11 março 2009

wicked


David Hume (1711-1776) era doze anos mais velho que Adam Smith (1723-1790). Nos últimos anos, viviam a dez quilómetros de distância na Escócia, David Hume vivia sozinho em Edimburgo, Adam Smith com a mãe em Kircaldy. Na casa de Hume havia um quarto para Smith: "Your chamber in my house is always unoccupied" (op. cit., p. 185), escrevia Hume ao amigo, reclamando a sua visita, dois meses antes de morrer.

Antes da sua morte, Hume nomeou Smith executor testamentário da sua obra, indicando-lhe precisamente o que era para ser publicado e o que não era. Em Dezembro de 1776, oito meses após a morte de Hume, o seu editor, William Strahan, escreveu a Smith solicitando-lhe mais material do filósofo para publicação, especialmente cartas. Smith respondeu-lhe assim:

"I know he always disliked the thought of his letters being published. He had been in long and intimate correspondence with a relation of his own who dyed a few years ago. When that genteman's health began to decline he was extremely anxious to get back his letters, least the heir should think of publishing them. They were accordingly returned and burnt as soon as returned. If a collection of Mr. Hume's letters [were to be made available] ... Many things would be published not fit to see the light to the great mortification of all those who wish well to his memory ..." (op. cit., pp. 223-4).

Escreve agora Ian S. Ross, o editor principal, no Prefácio da Correspondence of Adam Smith que tenho vindo a citar referindo-se à morte de Smith em 1790: "This feeling no doubt caused Smith to give instructions to his executors Joseph Black and James Hutton to commit his papers to the flames in the last week of his life" (op. cit., p. viii).

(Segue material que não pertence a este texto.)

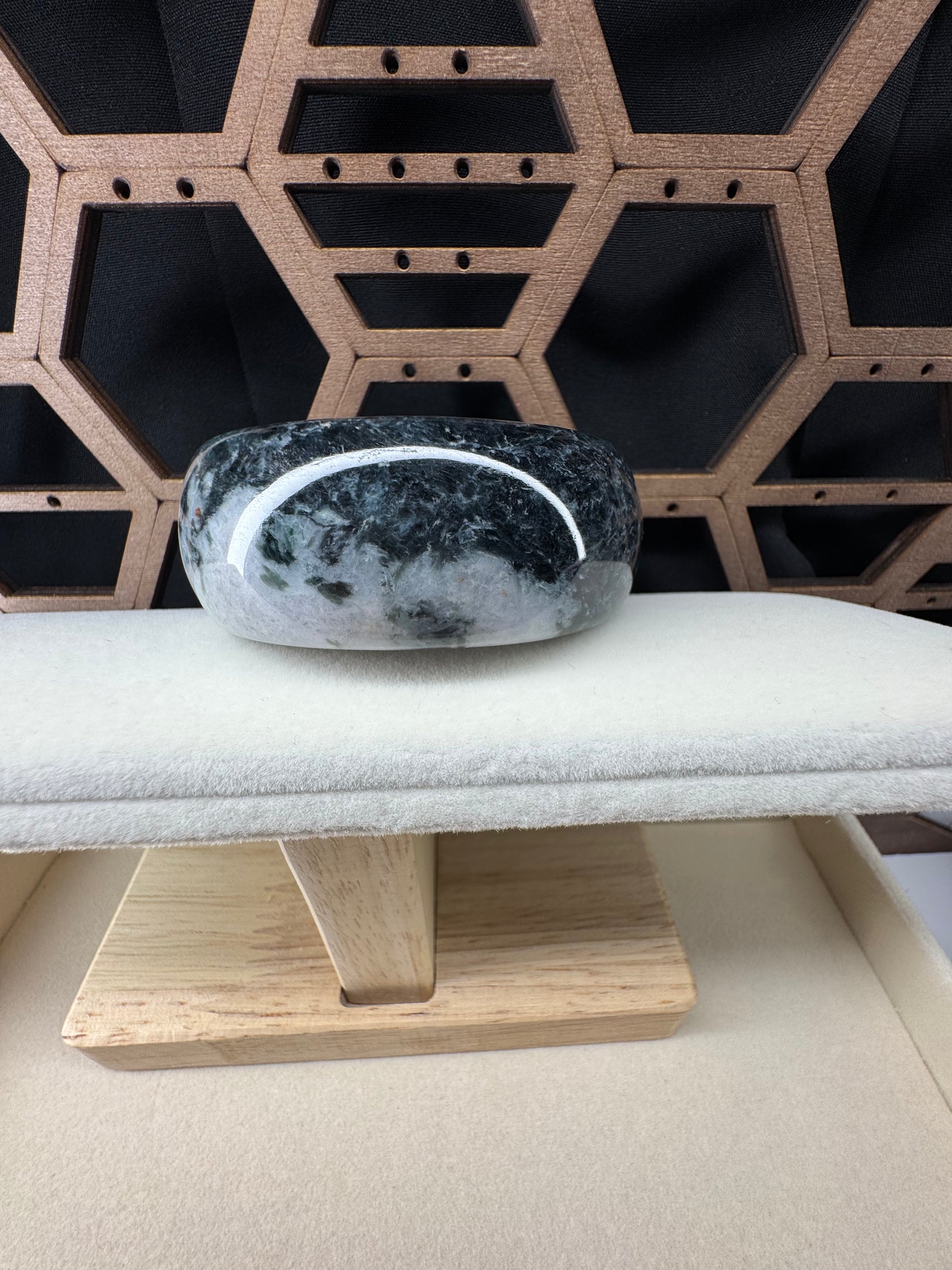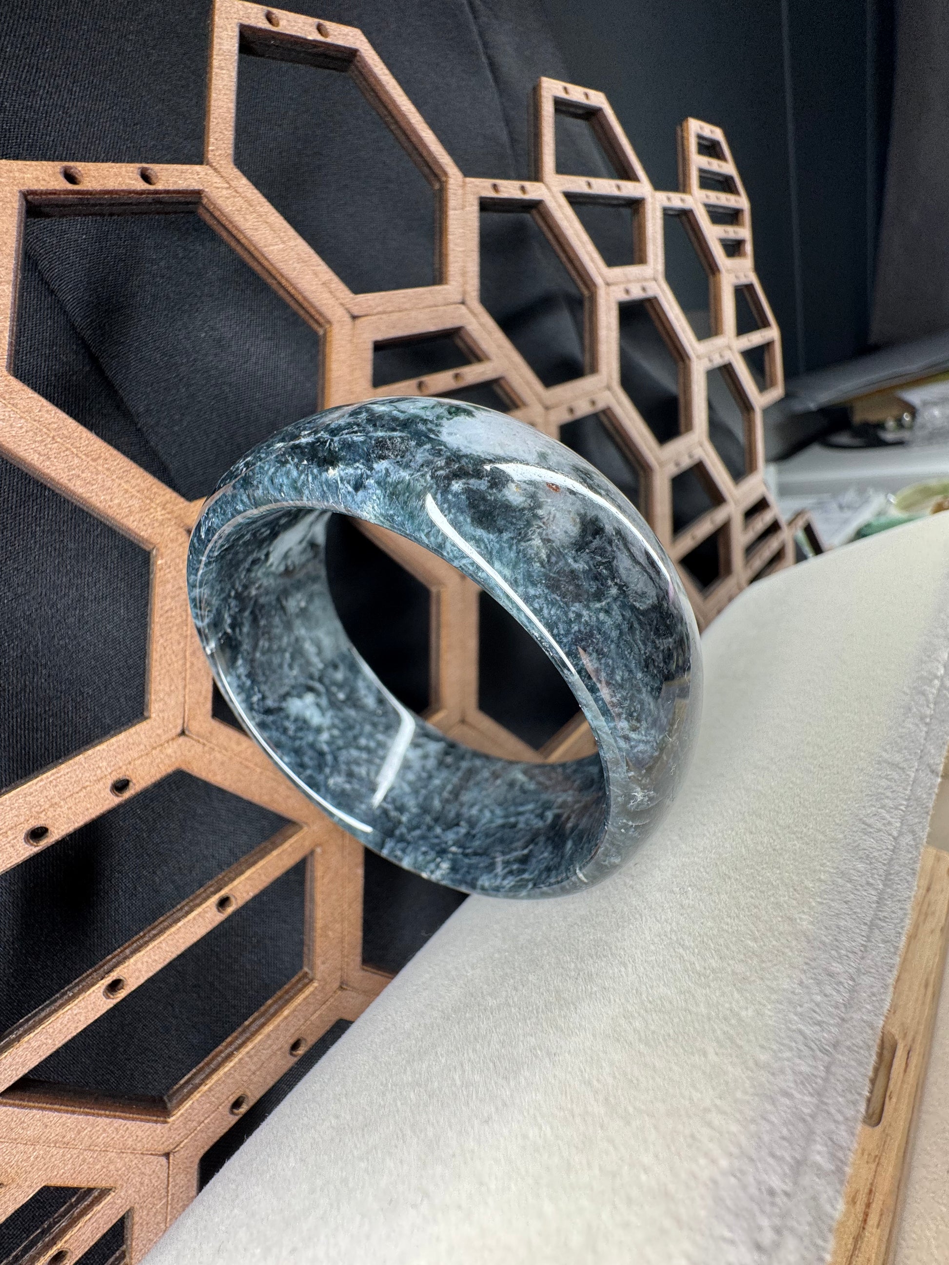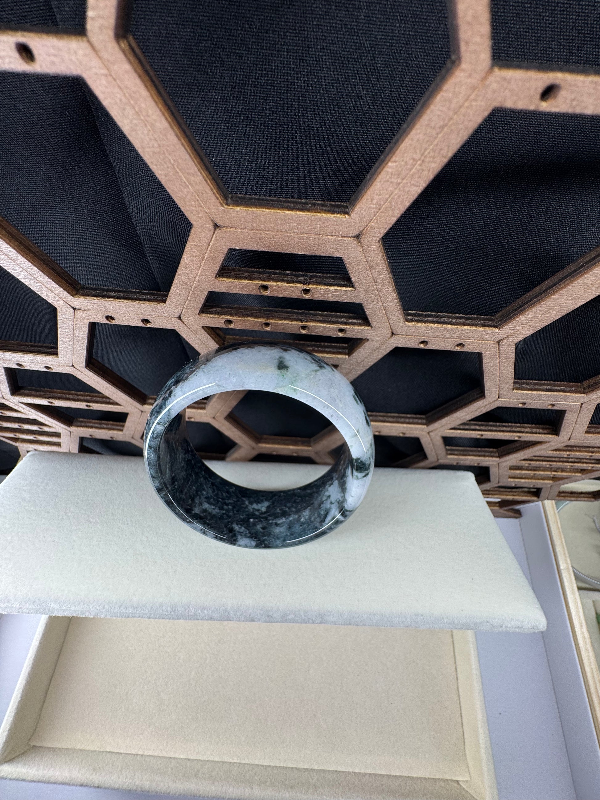 This dark grey and white jadeite jade bangle has unique looks. Smooth and heavy feeling. A perfect one to add in your jewelry collection.
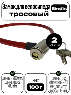 Замок велосипедный с ключом ВР-К02, 11х700 мм, красный
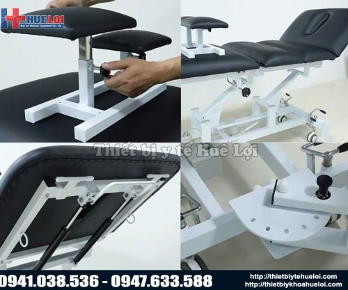 - Giường được chia làm 4 phần, với các góc độ nâng hạ linh hoạt phù hợp với nhiều tư thế điều trị khác nhau
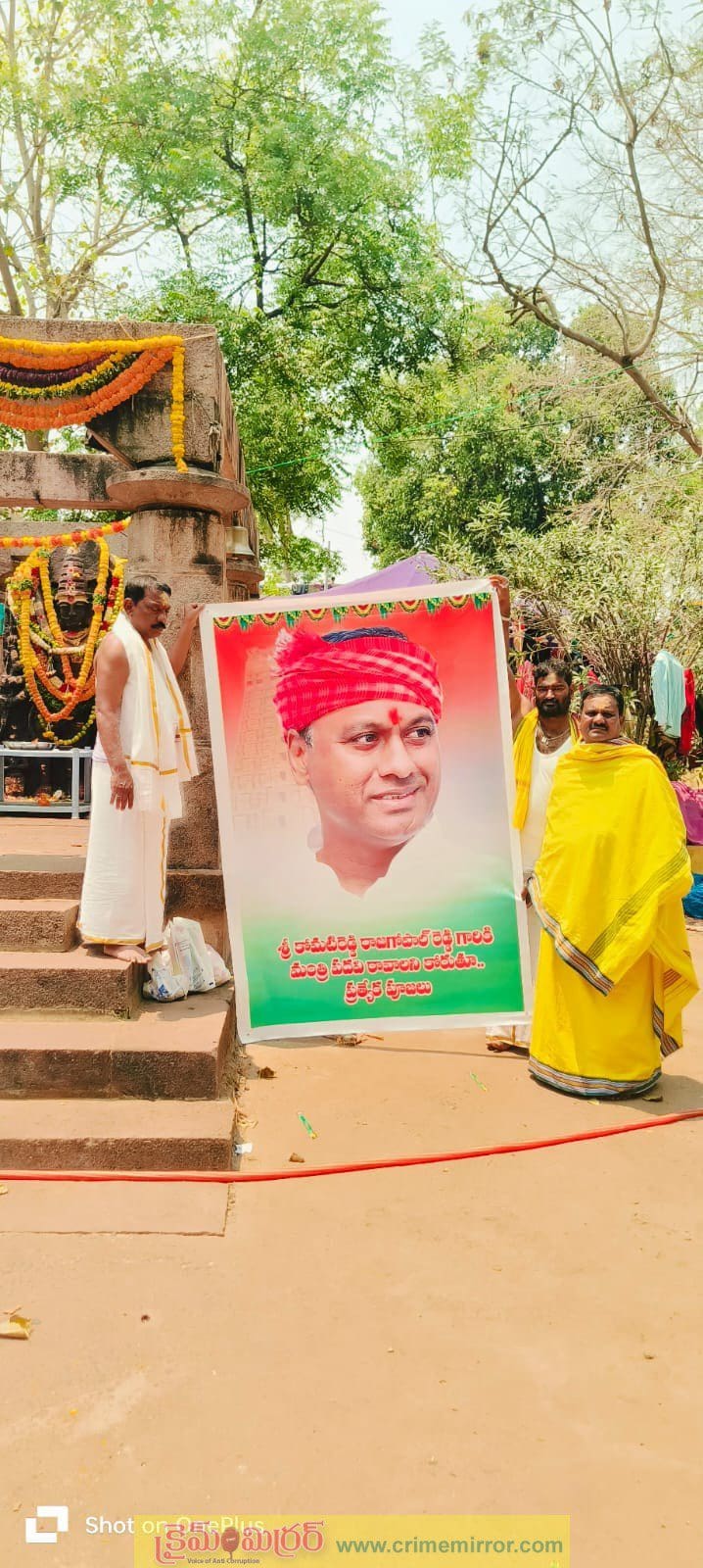 చండూరు, క్రైమ్ మిర్రర్: శ్రీశైలం భ్రమరాంబికా మల్లికార్జున స్వామి దేవస్థానం లో శనివారం మునుగోడు శాసనసభ్యులు కోమటిరెడ్డి రాజగోపాల్ రెడ్డికి మంత్రి పదవి రావాలని ప్రత్యేక పూజలు చేసిన చండూర్ మున్సిపాలిటీ అంగడిపేట మాజీ సర్పంచ్ నల్లగంటి మల్లేశం, కాంగ్రెస్ నాయకులు గండూరి జనార్ధన్, కురుమ సంఘం అధ్యక్షుడు కాంగ్రెస్ నాయకుడు అందిర్కరాజశేఖరులు. ఈ సందర్భంగా ఆయన చిత్రపటాన్ని ప్రదర్శించి ప్రత్యేక మొక్కులు మొక్కారు. మానవతావాదిగా ఎమ్మెల్యే కోమటిరెడ్డి రాజగోపాల్ రెడ్డి చేస్తున్న సేవా కార్యక్రమాలను వారు కొనియాడారు. మంత్రి పదవి రాగానే మళ్లీ వచ్చి మొక్కలు చెల్లించుకుంటామని తెలిపారు.
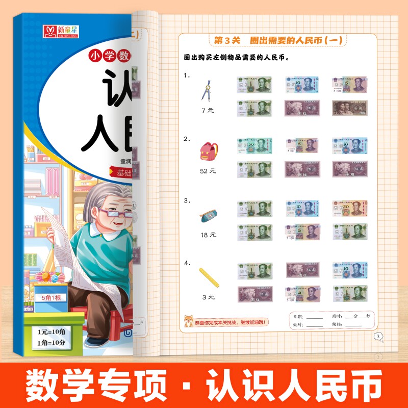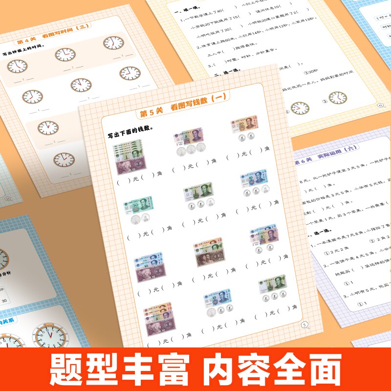 📚 2026小学数学专项训练一二三年级认识人民币学习教具一二年级小学生认识钟表和时间上下册数学思维教具图形单位换算元角分练习册
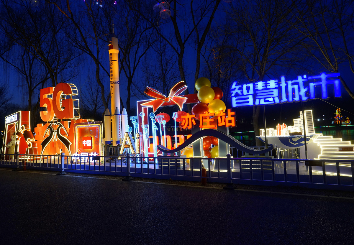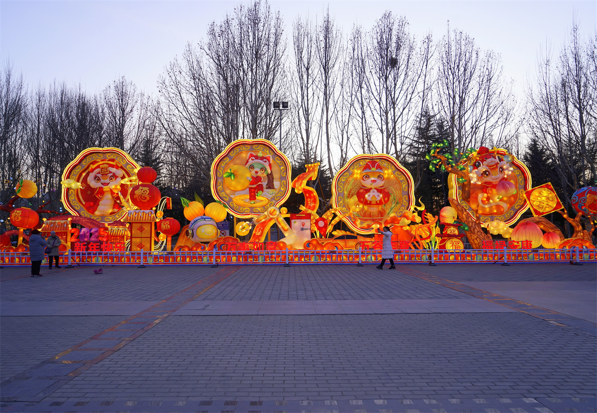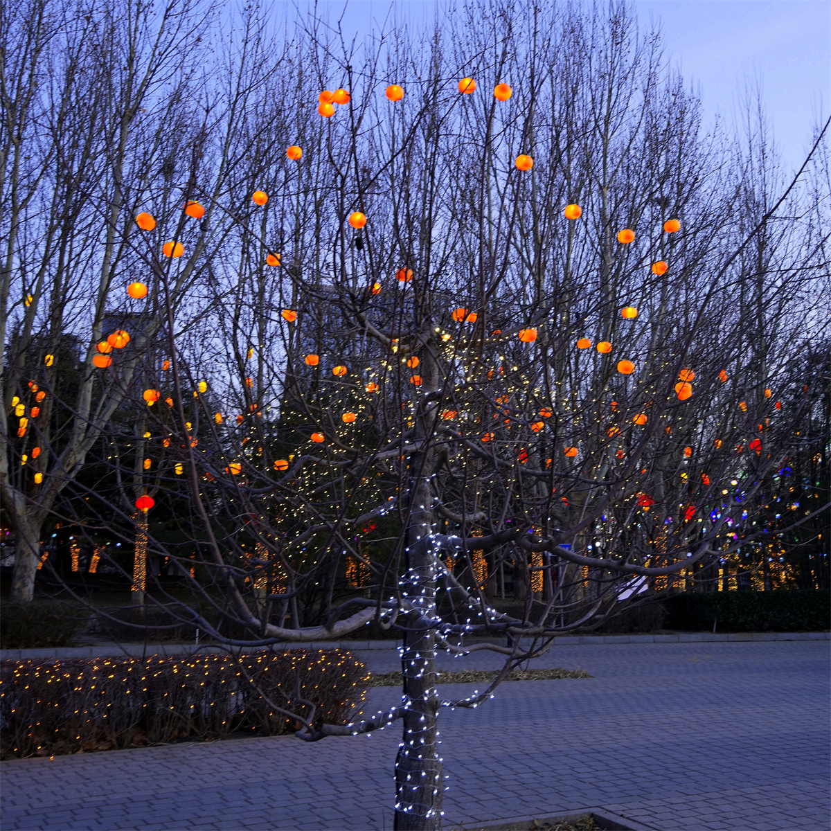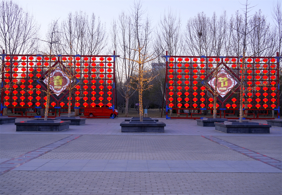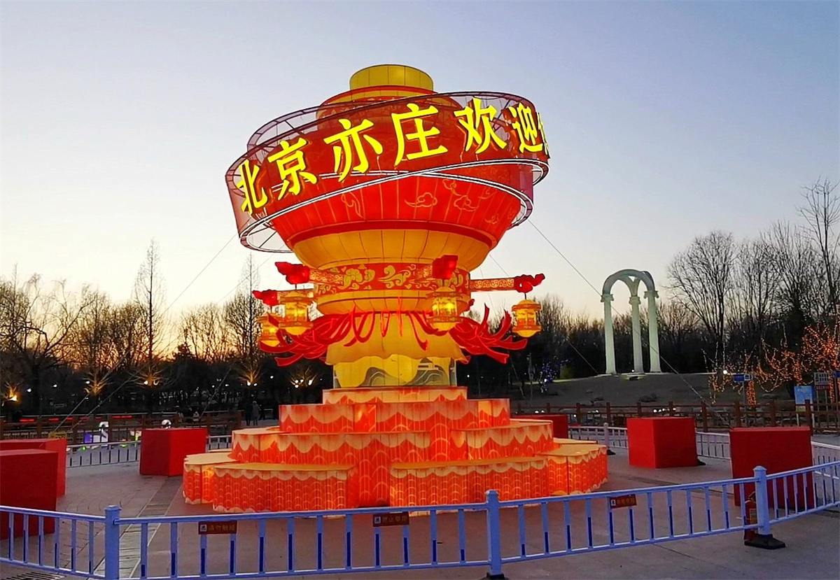 随后沿着公园步谈向西南行进,寓意万事如意的柿子花灯、多样宫灯缀满枝端。一组写有“亦庄接待你”的花灯抒发着主持方珍爱、好客的竭诚情谊……。
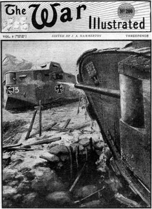 Британское издание «The War Illustrated» поместило драматический рисунок первого боя танков с танками у Виллер-Бретонне. Художник изобразил германский A7V почти по «горячим следам» довольно правдоподобно, но невольно спутал танк «Никсе», который вел дуэль с британскими танками, с захваченным танком «Эльфриде» (который и нес третий номер).
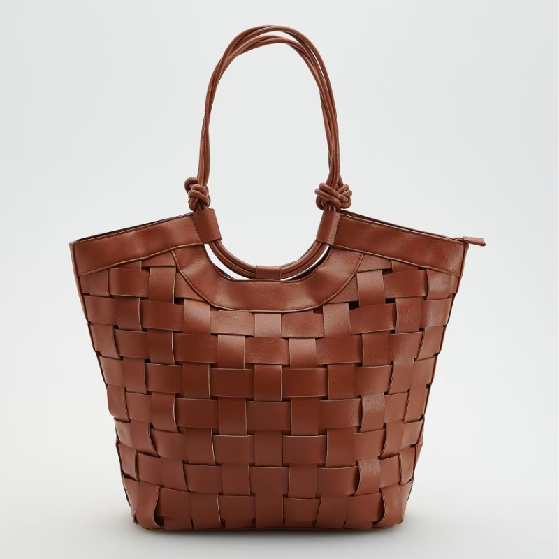 Per il giorno questa shopping bag riprende l’intreccio delle borse più cool del momento ma non rinuncia alla praticità grazie alla sua capienza. In color cognac è perfetta per l’estate per evitare la classica borsa nera.
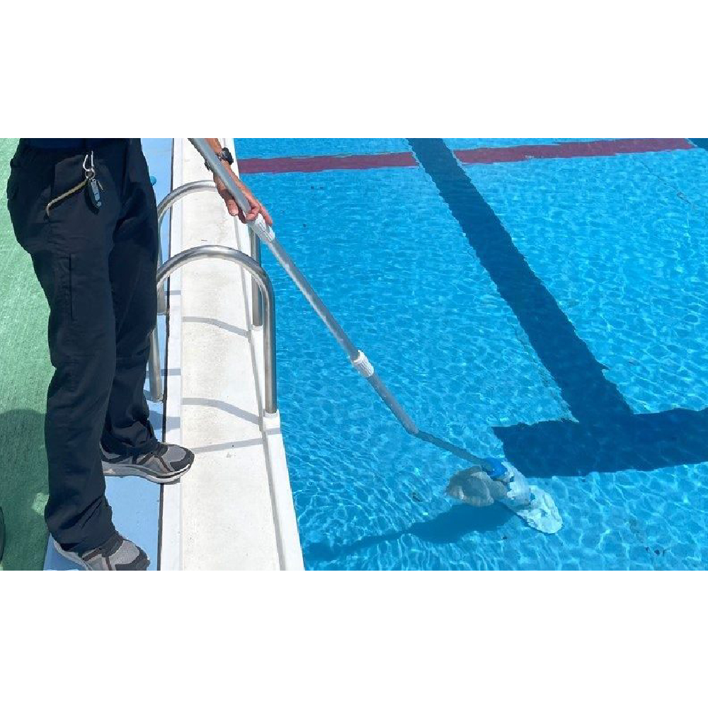 伸縮延長ポールも取付可能で、プールに入らず清掃が可能。

Ross parece um tanto perplexo perante a decisão e relembra uma afirmação de Smith nas suas "Lectures on Rethoric and Belles Lettres": "The smallest circunstances, the most minute transactions of a great man, are sought after with eagerness", tanto mais quanto é certo que Smith era ele próprio um apreciador dos pequenos detalhes da vida dos grandes homens: "We recall, too, the pleasure he took himself in knowing such details as that Milton wore latchets in his shoes". (op. cit., p. viii).

Porém, mesmo se a maior parte da correspondência de Hume e de Smith foi mandada destruir pelos próprios, naquela que sobreviveu, são frequentes as passagens, para além daquelas que já citei, que sugerem a homossexualidade de ambos, a relação íntima que mantiveram em vida e os períodos que passaram a sós. (Cf. também aqui, aqui e os últimos posts abaixo).

Em 1765 estavam ambos em França, o centro da imoralidade da época, David Hume como Embaixador de Inglaterra, Adam Smith como tutor do Duke of Buccleugh. Então em viagem por Toulouse acompanhando o discípulo, Smith escreveu assim ao amigo em Paris sobre os progressos do seu educando: "He has read almost all your works several times over, and was it not for the more wholesome doctrine which I take care to instill into him, I am afraid he might be in danger of adopting some of your wicked Principles..." (op. cit., p. 105). "Wicked" significa perverso, pecaminoso, corrompido.

Adam Smith sabia que a filosofia moral de David Hume era uma moralidade perversa que se destinava em primeiro lugar a cobrir a sua própria homossexualidade. Ainda hoje, passados mais de duzentos anos, os admiradores de David Hume parecem exibir uma certa propensão para apreciar as protuberâncias do corpo humano masculino.